Sentir el dinero en el bolsillo me dio cierto ánimo que no duró mucho; ya
eran más de las dos de la tarde, la gente charlaba por las calles, ¡y nada!
Nadie, ni para sacarles el polvo y soltar unas monedas.
Me puse cerca de un poste de la Río-San Pablo, y de vez en cuando
soltaba mi voz finita:
-¡Se lustra, patrón! ¡Lústrese para ayudar a la Navidad de los pobres!
Un coche de rico se detuvo cerca. Aproveché para gritar, sin ninguna
esperanza.
-Deme una manita, doctor. Aunque solo sea para ayudar a la Navidad
de los pobres.
La señora, bien vestida, y los niños sentados atrás, se quedaron
mirándome, mirando. La señora se conmovió.
-Pobrecito, tan chico y tan pobrecito. Dale algo, Arturo.
El hombre me examinó con desconfianza.
-Ese es un pícaro, y de los bien vivos. Está aprovechándose de su edad
y del día.
-Aunque así sea, yo le voy a dar. Ven acá, chiquito.
Abrió la cartera y estiró la mano por la ventanilla.

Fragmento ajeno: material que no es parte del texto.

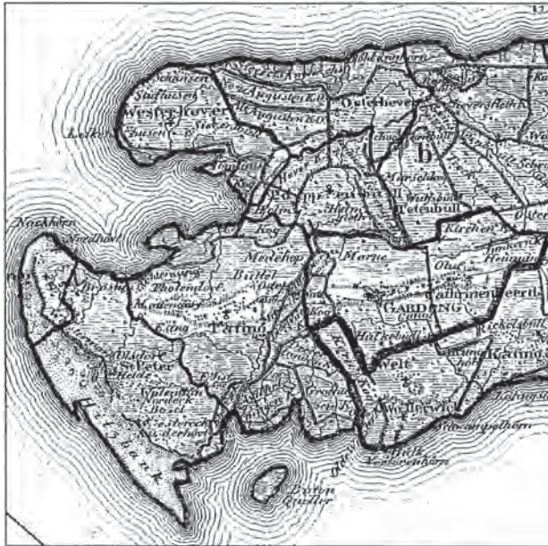
Fig. 7. Udsnit af Theodor Gliemanns kort fra 1829 over amterne Husum og Bredsted, landskaberne Eidersted og Nordstrand.

niketeksten, at Wenni Sywens blev sat til at forny. 40 Det gør sig f.eks. gældende med en malerisk beskrivelse af, hvordan en røverslægt i 1360'erne opførte en borg ved Vesterhever yderst på Ejderstedts vestlige spids, hvor de holdt skønne jomfruer indespærret og foretog røveriske overfald på omegnens befolkning. Af teksten fremgår det således, at stalleren Ingwer for at komme uvæsenet til livs stormede borgen og dræbte hele slægten, samt at begivenhederne derefter blev dokumenteret: »...unde dar makeden se besegelde breue up, wo dat alle Dinck fahren was«. 41 Det dokument så Epe Wunneken måske, da han arbejdede i stallerens arkiv ca. 100 år senere. Andre passager i krøniken giver imidlertid snarere indtryk af at være mundtlige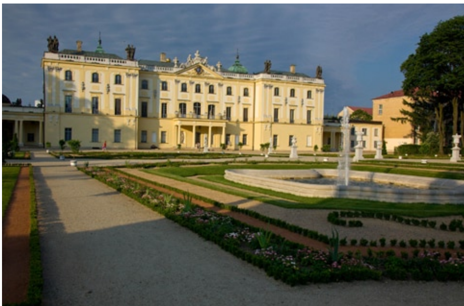
Pałac Branickich w Białymstoku. Stan z 2012 roku.

-No, señora, gracias. No estoy mintiendo. Solamente quien lo necesita
mucho trabaja en Navidad.
Tomé mi cajoncito, lo colgué en mi hombro y me fui caminando
despacito. Ese día no sentía fuerzas ni Para tener rabia.
Pero la puerta del coche se abrió y un niño echó a correr detrás de mí.
-Toma. Te manda decir mi mamá que no cree que seas un mentiroso.
Me puso otros cinco cruzeiros en el bolsillo y ni esperó que le
agradeciera... Solamente escuché el rugido del motor que se alejaba.
Ya habían pasado cuatro horas y yo continuaba con los ojos de papá
martirizándome.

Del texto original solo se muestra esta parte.